During ensuing government counterinsurgency operations in Indian Punjab State, from 1984 to 1995, Indian security forces committed serious human rights violations and killed, forcibly disappeared, and tortured thousands of Sikhs, the group said. None of the architects of this counterinsurgency strategy have been brought to justice.
The Sikh separatist movement is a classic case of human rights abuses leading to a cycle of violence that spins out of control, Ganguly said. Both the militants and the security forces committed horrific crimes, justifying them by pointing to the abuses of the other, and yet those who suffered most were ordinary civilians.
For two-and-half decades, HRW said, victims and their families seeking justice have been confronted by government opposition and obfuscation, including prolonged trials, biased prosecutors, an unresponsive judiciary, police intimidation, and harassment of witnesses.
No senior government officials or politicians have been prosecuted despite evidence of their role in the atrocities, it noted.
The government has set up numerous commissions of inquiry, each with the promise of justice, but with no tangible results.
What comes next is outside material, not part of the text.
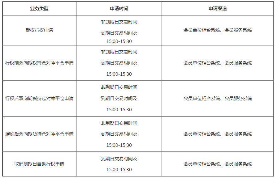 在每个交易日的交易时间以及到期日的15:00-15:30,客户可以提交“行权”、“双向期权持仓对冲平仓”、“行权后双向期货持仓对冲平仓”和“履约后双向期货持仓对冲平仓”申请。

Most recently, the Congress Party withdrew a candidate in the 2009 elections because of allegations of involvement in the 1984 Delhi attacks.
But the candidate was not charged with a crime and the party appeared to compensate him by making his brother a candidate instead.
The victims of the 1984 massacres have waited for the law to take its course and, sadly, they are still waiting, Ganguly said. India needs to change its enduring culture of impunity before its citizens will place trust in the rule of law in other conflict areas, like Kashmir and Naxalite-affected states.